My knowledge of the ABI is very limited, but I see it

  1. Moving four doubles from the stack to registers
  2. Calling SIMD4<Float>.init(), which returns the vector on the stack
  3. Repeating the call for the second SIMD4
  4. Doing the vector add (this much seems like it inlined as you would expect), and storing the result on the stack
  5. Jumping to the SCNQuaternion constructor (presumably such that its return will return to the caller).
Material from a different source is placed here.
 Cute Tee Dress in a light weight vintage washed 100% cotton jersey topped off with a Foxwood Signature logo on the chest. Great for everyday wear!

Maybe the way I invoked swiftc doesn't allow for cross-module optimization (specifically, inlining the SIMD4<Float>.init() call). And to be fair, as I look at it now it seems the call within my own code to simdAdd() was in fact inlined.
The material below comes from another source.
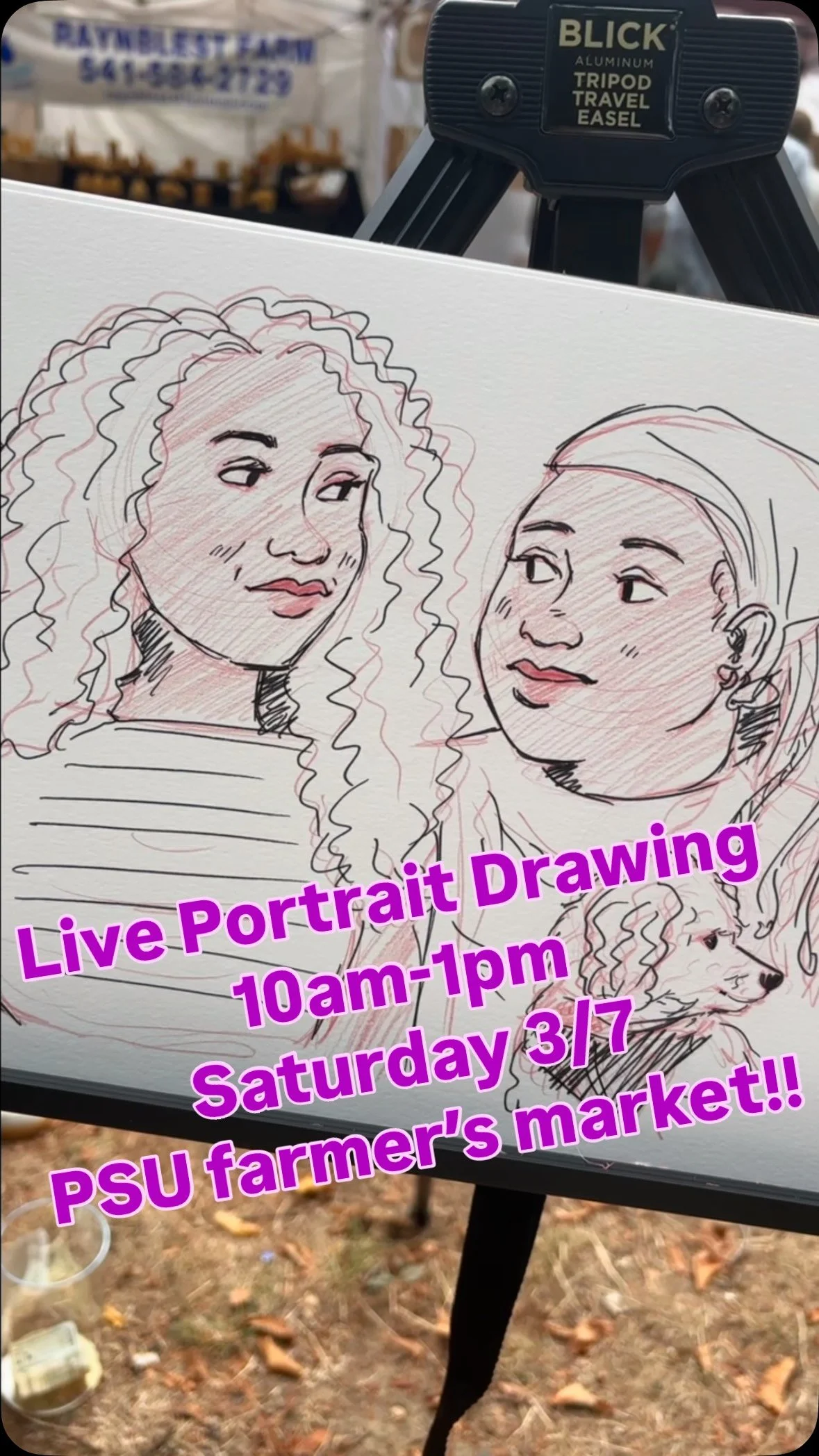 Follow my instagram to see when I’ll be popping up at markets. Contact me to hire me for your event or my other art services!

But compare that to the generated code for the pure-Swift scalar code:

test.swiftAdd(__C.SCNVector4, __C.SCNVector4) -> __C.SCNVector4:
	.cfi_startproc
	pushq	%rbp
	.cfi_def_cfa_offset 16
	.cfi_offset %rbp, -16
	movq	%rsp, %rbp
	.cfi_def_cfa_register %rbp
	addsd	%xmm4, %xmm0
	addsd	%xmm5, %xmm1
	addsd	%xmm6, %xmm2
	addsd	%xmm7, %xmm3
	popq	%rbp
	jmp	(extension in SceneKit):__C.SCNVector4.init(CoreGraphics.CGFloat, CoreGraphics.CGFloat, CoreGraphics.CGFloat, CoreGraphics.CGFloat) -> __C.SCNVector4
	.cfi_endproc

It’s pretty clear why it’s the winner.

Also, I wouldn't say simd_quatf is Swift. It's C, called from Swift. In fact, the constructor is defined in the header like this.

static inline SIMD_CFUNC simd_quatf simd_quaternion(float ix, float iy, float iz, float r) {
  return (simd_quatf){ { ix, iy, iz, r } };
}

Soemthing in the journey from C header to my Swift file is creating a function to call.

I know, I wrote that header (and the rest of the simd headers :grin:). Swift imports C headers natively, they’re as much a supported part of the language as anything else is.

3 Likes

So why is it generating function calls?

Because the following initializer defined in the SceneKit overlay, which you are using, is not marked inlinable:

extension SIMD4 where Scalar == Float {
  public init(_ v: SCNVector4) {
    self.init(Float(v.x), Float(v.y), Float(v.z), Float(v.w))
  }
}

That's not a Swift performance bug, it's a library performance bug. The compiler is required by the overlay to generate a call.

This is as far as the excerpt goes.